Red flags include awkward sentence structure or grammar and subtle incorrect spellings of legitimate names and email addresses, the advisory said.

Once the hackers establish engagement with a target, they may attempt to follow up with emails containing malicious links and attachments that will compromise the victim’s account or network.

Kimsuky is believed to operate under the North’s premier military intelligence organization, the Reconnaissance General Bureau.
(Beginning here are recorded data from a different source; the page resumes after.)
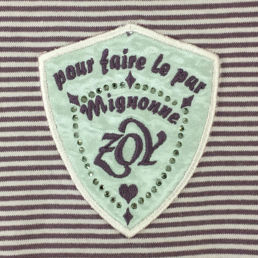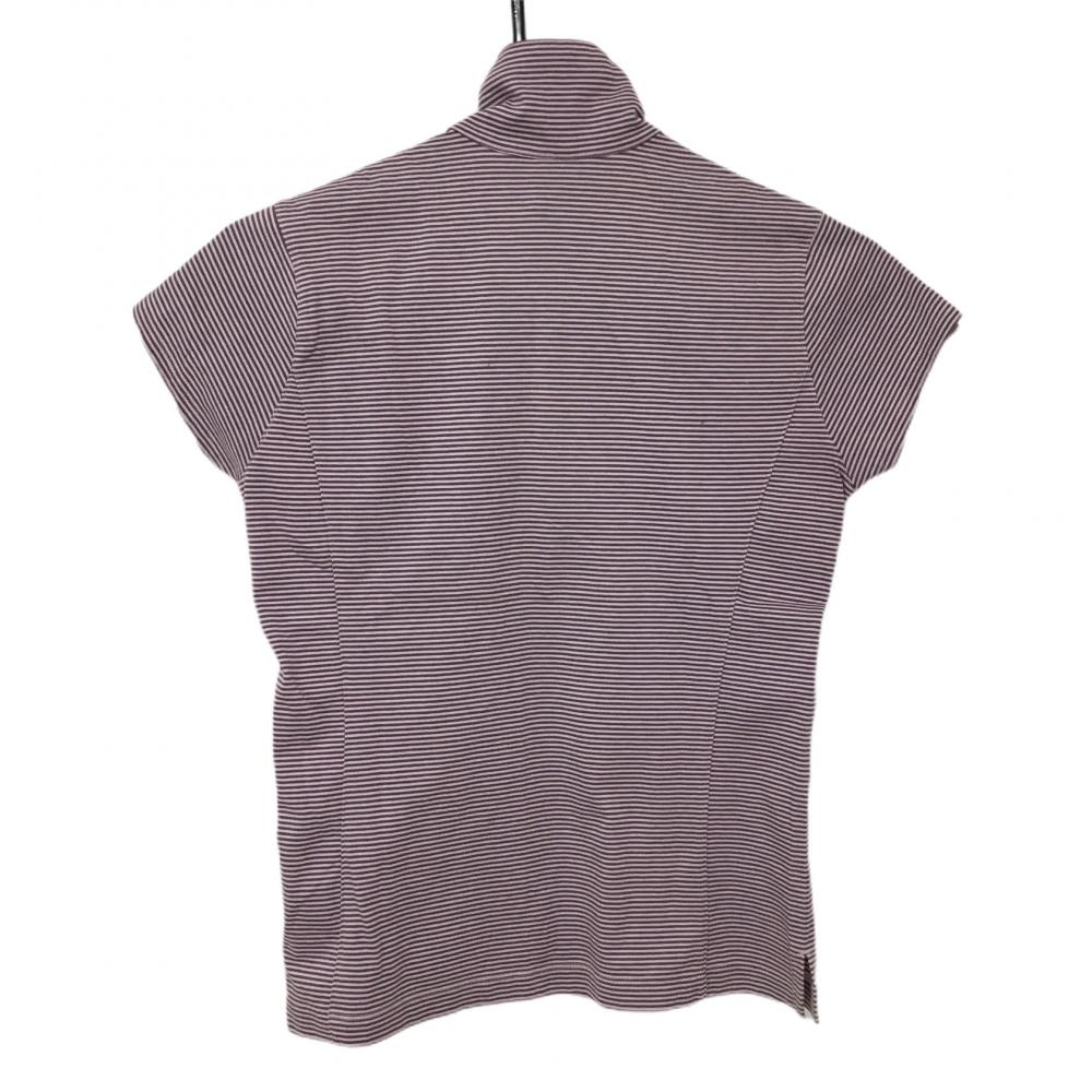 【美品】ゾーイ 半袖ハイネックシャツ パープル×ピンク ボーダー ハーフジップ 胸元ロゴ レディース 38 ゴルフウェア ZOY
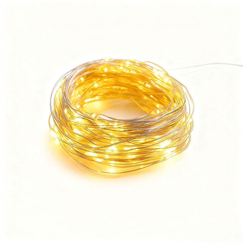 M.TK Kupferdraht-Lampe, 8 Meter, 50 LEDs, 3000K, 1 Stück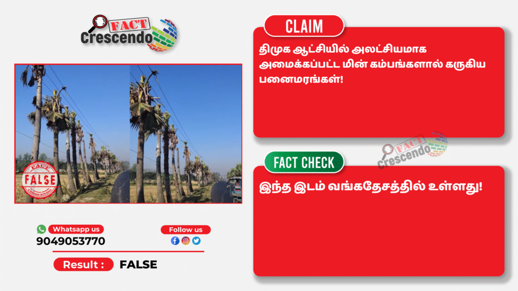 வங்கதேசத்தில் மின் கம்பங்கள் அமைக்கப்பட்டதால் பனை மரங்கள் கருகிய வீடியோவை தமிழ்நாட்டில் திமுக ஆட்சியில் என்று தவறாக சமூக ஊடகங்களில் பகிர்ந்திருப்பதை தகுந்த ஆதாரங்கள் அடிப்படையில் ஃபேக்ட் கிரஸண்டோ தமிழ் உறுதி செய்துள்ளது. எனவே, நமது வாசகர்கள், இத்தகைய தவறான செய்தி, புகைப்படங்கள், வீடியோ போன்றவற்றை உறுதி செய்யாமல் மற்றவர்களுக்குப் பகிர வேண்டாம் என கேட்டுக் கொள்கிறோம். வாசகர்கள் தங்களுக்கு சந்தேகம் என்று தோன்றும் தகவல், பதிவு, புகைப்படம், வீடியோவை எங்களது வாட்ஸ் ஆப் எண்ணிற்கு (+91 9049053770) அனுப்பினால், அதுபற்றி ஆய்வு செய்து உண்மை விவரத்தை வெளியிடுகிறோம்.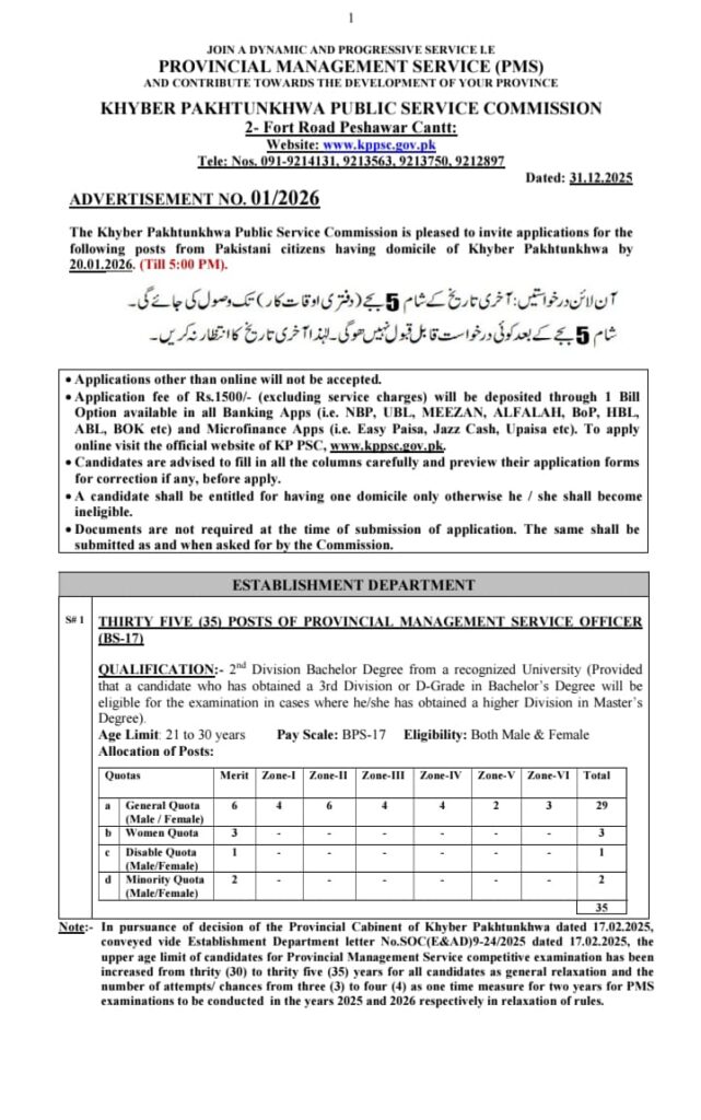 The Khyber Pakhtunkhwa Public Service Commission (KPPSC) is looking for talented individuals with a Khyber Pakhtunkhwa domicile to join the Provincial Management Service (PMS) as officers (BS‑17). This is your chance to secure a prestigious government job and contribute to the development of your province.Available Positions:PMS Officers (BS‑17) – 35 postsEligibility: Bachelor’s degree (2nd division minimum; 3rd division allowed if Master’s is higher division)Age Limit: 21–30 years (relaxable up to 35 for PMS exam)Pay Scale: BPS‑17 with attractive benefitsWhy This Job is Great:Prestigious and respected government careerEqual opportunity for male and female candidatesQuotas for women, minorities, and disabled candidatesCompetitive pay with allowances and career growth opportunitiesApplication Details:Apply online onlyApplication fee: Rs. 1,500 via banks or microfinance appsDeadline: 20th January 2026, 5:00 PMOnly candidates with a single KP domicile are eligibleTake this opportunity to secure your future with a rewarding government career. Apply before 20th January 2026 and step into a path of growth, stability, and respect!

The hacker group is also known as Emerald Sleet, Thallium and Velvet Chollima by private-sector cybersecurity researchers.

“Kimsuky actors’ primary mission is to provide stolen data and valuable geopolitical insight to the North Korean regime by compromising policy analysts and other experts,” the advisory said. “Successful compromises further enable Kimsuky actors to craft more credible and effective spearphishing emails, which can then be leveraged against more sensitive, higher-value targets.”

Washington sanctioned Kimsuky in November, saying its cyber espionage campaigns directly support the North’s strategic and nuclear ambitions

North Korea has increasingly turned to hacking and cybertheft in recent years to raise funds for its illicit weapons programs.

Pyongyang funds 40% of its WMD program through “illicit cybermeans,” the U.N. Security Council’s Panel of Experts estimated in an annual report released in March. The Panel said that 58 suspected cyberattacks on cryptocurrency-related companies generated some $3 billion for the regime between 2017 and 2023.